TRY IT: Copy down the listing below exactly. Do not include pictures.

SOURCE MATERIAL:

════════

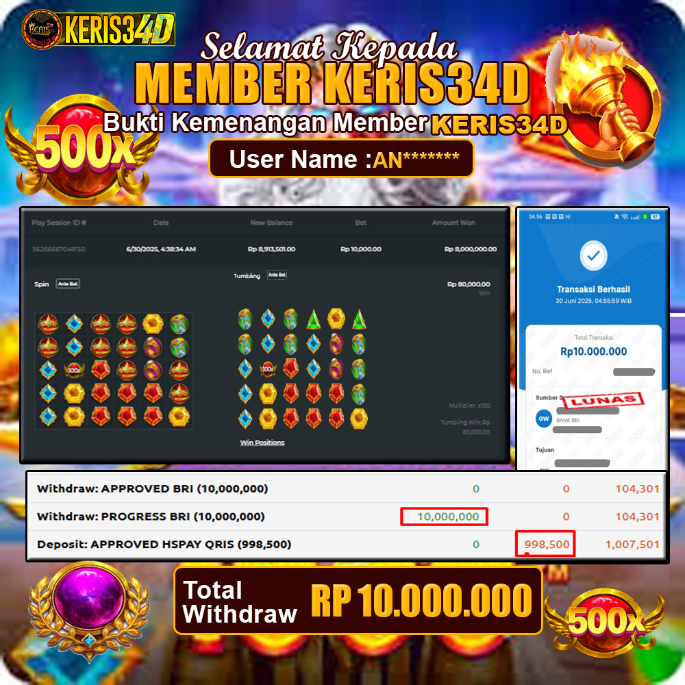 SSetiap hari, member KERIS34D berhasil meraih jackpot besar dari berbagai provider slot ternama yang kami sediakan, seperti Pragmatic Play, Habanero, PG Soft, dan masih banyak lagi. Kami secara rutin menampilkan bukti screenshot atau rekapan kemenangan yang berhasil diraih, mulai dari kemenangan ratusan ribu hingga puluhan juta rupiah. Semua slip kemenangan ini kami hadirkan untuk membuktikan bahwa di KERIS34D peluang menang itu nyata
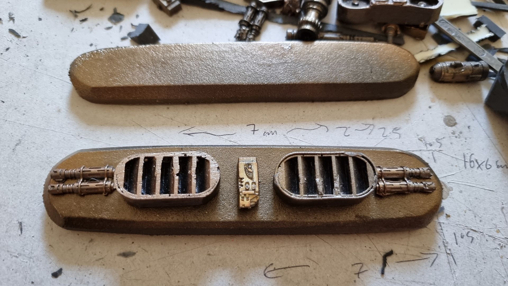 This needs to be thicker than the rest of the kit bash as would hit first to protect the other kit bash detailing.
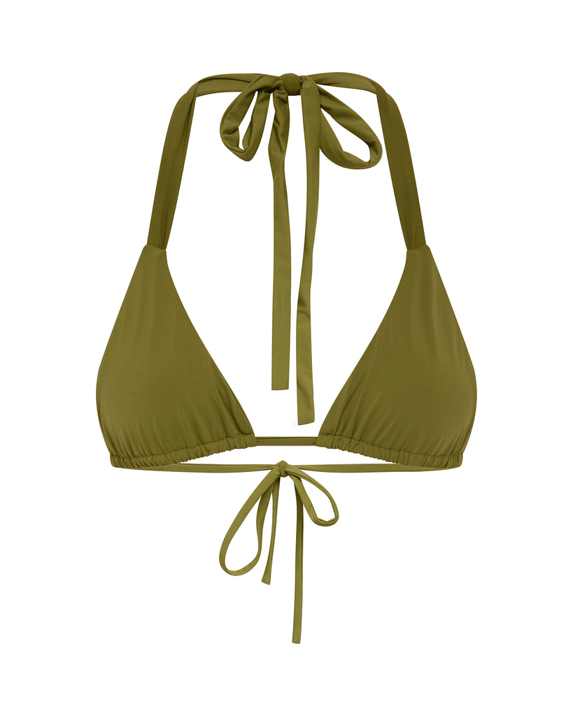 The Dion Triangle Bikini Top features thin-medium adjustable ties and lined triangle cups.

════════

ANSWER TO THIS EXERCISE:
 SSetiap hari, member KERIS34D berhasil meraih jackpot besar dari berbagai provider slot ternama yang kami sediakan, seperti Pragmatic Play, Habanero, PG Soft, dan masih banyak lagi. Kami secara rutin menampilkan bukti screenshot atau rekapan kemenangan yang berhasil diraih, mulai dari kemenangan ratusan ribu hingga puluhan juta rupiah. Semua slip kemenangan ini kami hadirkan untuk membuktikan bahwa di KERIS34D peluang menang itu nyata
 This needs to be thicker than the rest of the kit bash as would hit first to protect the other kit bash detailing.
 The Dion Triangle Bikini Top features thin-medium adjustable ties and lined triangle cups.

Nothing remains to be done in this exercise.